En los bajos hay miles de cabezas de ganado (se supera fácil el millón de animales). Muchas son “vacas corridas” por los cultivos agrícolas de las fértiles llanuras de la pampa húmeda. En la laguna La Tigra, los productores cuentan que mueren a montones por la sequía. Lógicamente, las que no perecen pierden mucho peso y cae el índice de preñez.

Aquí la lluvia es esencial y en lo que va del año sólo se desparramaron unas gotas. El agua subterránea es muy salina y no suele servir para los animales. A veces ni siquiera se puede usar para limpiar. La sal oxida las aberturas de las ventanas y deja los pisos cubiertos por una fina capa blanca.

Dos ministros del gobierno provincial recorrieron esta semana las zonas afectadas. Organizaron la asistencia a los productores y sobre todo a la gente, que en en pleno siglo XXI necesita que le lleven el agua hasta cada pueblo porque no acceden a una red potable.
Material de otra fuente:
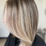 Cool ash blonde waves are effortlessly styled into a minimal half-up twist for a laid-back yet polished vibe. The soft movement and seamless balayage make it ideal for a relaxed birthday celebration.

El contraste con la capital de la provincia es fuerte. Santa Fe tiene servicio de red hace más de cien años. Antonio Ciancio y Juan José Bertero, ministros de Agua y Servicios Públicos y de la Producción, deberían llevarse una conclusión bastante obvia.

En los bajos y en una buena parte de la cuña boscosa, este escenario no se va a modificar hasta tanto no se construyan los acueductos. Además, los esquemas productivos no van a despegar hasta que se consensuen planes maestros de desarrollo sustentable para la ganadería y el resto de las actividades regionales (apicultura, carbón, leña, etc.).